On Thu, 2023-01-26 at 11:50 -0800, Andrii Nakryiko wrote:
> On Tue, Jan 24, 2023 at 2:04 PM Eduard Zingerman <eddyz87@xxxxxxxxx> wrote:
> > 
> > This is a followup for [1], adds an overview for the register liveness
> > tracking, covers the following points:
> > - why register liveness tracking is useful;
> > - how register parentage chains are constructed;
> > - how liveness marks are applied using the parentage chains.
> > 
> > [1] https://lore.kernel.org/bpf/CAADnVQKs2i1iuZ5SUGuJtxWVfGYR9kDgYKhq3rNV+kBLQCu7rA@xxxxxxxxxxxxxx/
> > 
> > Signed-off-by: Eduard Zingerman <eddyz87@xxxxxxxxx>
> > ---
> >  Documentation/bpf/verifier.rst | 237 +++++++++++++++++++++++++++++++++
> >  1 file changed, 237 insertions(+)
> > 
> > diff --git a/Documentation/bpf/verifier.rst b/Documentation/bpf/verifier.rst
> > index d4326caf01f9..77578ed5a277 100644
> > --- a/Documentation/bpf/verifier.rst
> > +++ b/Documentation/bpf/verifier.rst
> > @@ -316,6 +316,243 @@ Pruning considers not only the registers but also the stack (and any spilled
> >  registers it may hold).  They must all be safe for the branch to be pruned.

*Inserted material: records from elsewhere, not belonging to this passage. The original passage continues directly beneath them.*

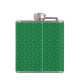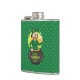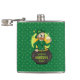 Flask with an Illustration of a smiling leprechaun wearing a green suit, a bow-tie, and a bowler hat while sitting inside a pot o’ gold and holding a pint of beer, with yellow, green, and orange rainbow in the background. The image is placed over a seamless dark green background with shamrocks.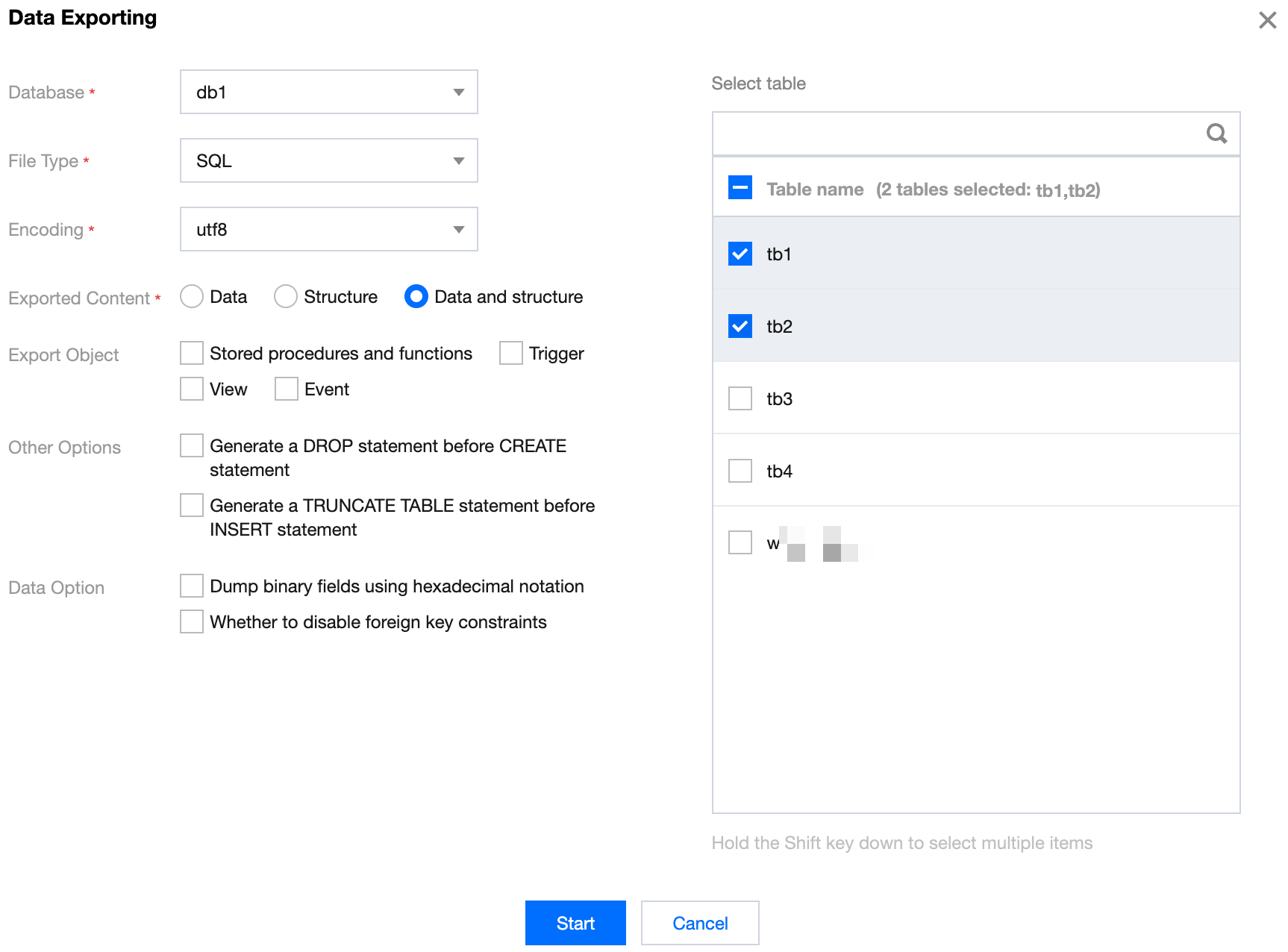 Log in to the DMC Console, switch to the top feature tab, select Import/Export and Data Exporting. Configure the export parameters, check the databases and tables to be exported on the right, and click Start.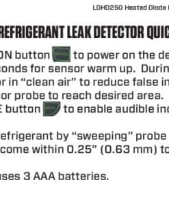 Detector de Fugas de Refrigerante de Diodo Calentado hilmor LDHD250 para HVAC y Refrigeración es altamente preciso, sensible y duradero, superando a todos sus competidores en confiabilidad. Con notificaciones auditivas y visuales para la detección de fugas, este detector es fácil de usar y cuenta con una pantalla LCD que facilita la lectura. Su versatilidad lo hace compatible con todos los refrigerantes halogenados, como R410 y R22. Además, su sonda flexible permite el acceso a áreas de difícil alcance, lo que lo hace la herramienta ideal para técnicos de HVAC.

> >  This is implemented in states_equal().
> > 
> > +Some technical details about state pruning implementation could be found below.
> > +
> > +Register liveness tracking
> > +--------------------------
> > +
> > +In order to make state pruning effective liveness state is tracked for each
> > +register and stack spill slot. The basic idea is to identify which registers or
> 
> not just spill slot, right? Any stack slot (including scalars)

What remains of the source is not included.